Engine emissions controls becoming costly
Feb 1, 2004 12:00 PM
TRUCK engine emissions controls required by the Environmental Protection Agency (EPA) have not improved truck performance. As a matter of fact, EPA regulation-compliance has resulted in higher costs and less fuel economy, said Bill Gouse of the American Trucking Associations.
The EPA regulations address, among other things, nitrogen oxides (NOx) that form when fuels burn at high temperatures, such as in motor vehicle engines. Manufacturers are mandated to produce engines in incremental years that will reduce NOx.
As manufacturers scurry to produce the engines, carriers are finding that the engines now on the road are demonstrating fuel economy that has gone “not to bad, but to horrible,” Gouse said.
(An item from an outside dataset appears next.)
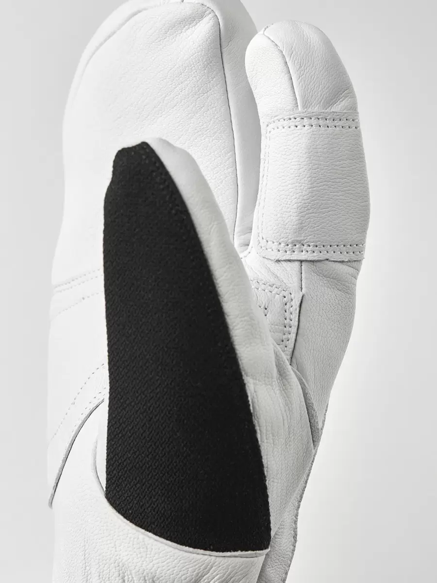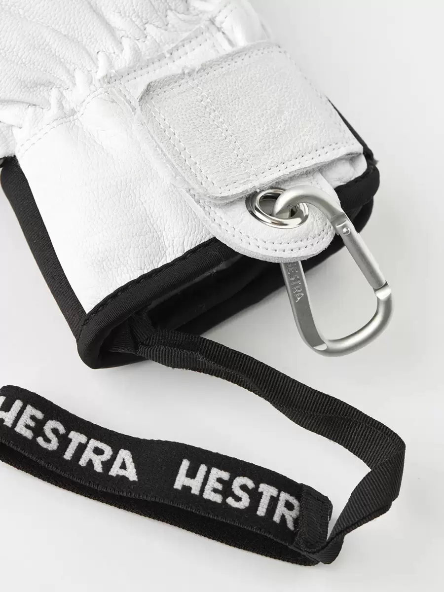 Army Leather Patrol är en varm 3-fingers skidhandske med smarta funktioner. Den bygger på samma robusta koncept som Hestras Heli Ski-modell, men är designad för att bäras inuti en jackärm med en bekväm neoprenkrage som omsluter handleden. 3-fingersmodellen är för dig som letar efter en varmare handske som ändå bibehåller fingerfärdigheten. Fingrarna och handflatan är tillverkade av impregnerat getskinn medan baksidan är tillverkad av flexibelt och väderbeständigt softshell-tyg. Ett fleecefoder med syntetisk isolering håller fingrarna varma även vid låga temperaturer och kan enkelt tas ut för tvätt eller torkning. Du kan också byta ut isoleringen mot ett tunnare foder för att justera värmen om du till exempel vandrar och svettas mer. En handledsrem minskar risken för att tappa handsken om du till exempel har tagit av den för att justera din utrustning. En karbinhake ingår också tillsammans med en öljett och upphängningsögla, vilket ger flera fästalternativ. En slitstark och pålitlig följeslagare för dig som tillbringar långa dagar utomhus i snö och kyla, och som föredrar att komma bort från skidorten och dess bekvämligheter. Finns även som vante- och 5-fingermodell, samt som dammodell.
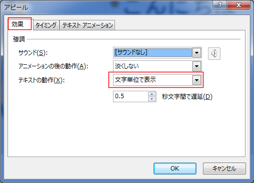 - [効果]タブのテキストの動作で「文字単位で表示」を選択します。

He also pointed out that the long-time durability of the new engines is unknown — and the trucks are getting heavier as a result of the engine requirements.
As for controlling particulates that can't be captured and burned in the engine, a trap may have to be installed as part of the exhaust system.
The big, heavy device that will block visibility in a day cab, lengthen the wheelbase, and limit where exhaust stacks can be placed. The device will have to be serviced at 150,000 miles, and will have to be taken apart, the ash removed and dropped somewhere.
“Typical shop equipment won't be able to handle it.” Gouse said. “The government says now that the ash is not a hazardous material, but I think that will change.”
Another problem is that the devices are expensive so that shops aren't likely to carry spares. “In addition, the device will be full of precious metals, so people may steal it,” he said.
There is some good news, however. Engine manufacturers and others are involved in research and development in an effort to improve engines while meeting the regulations, Gouse said.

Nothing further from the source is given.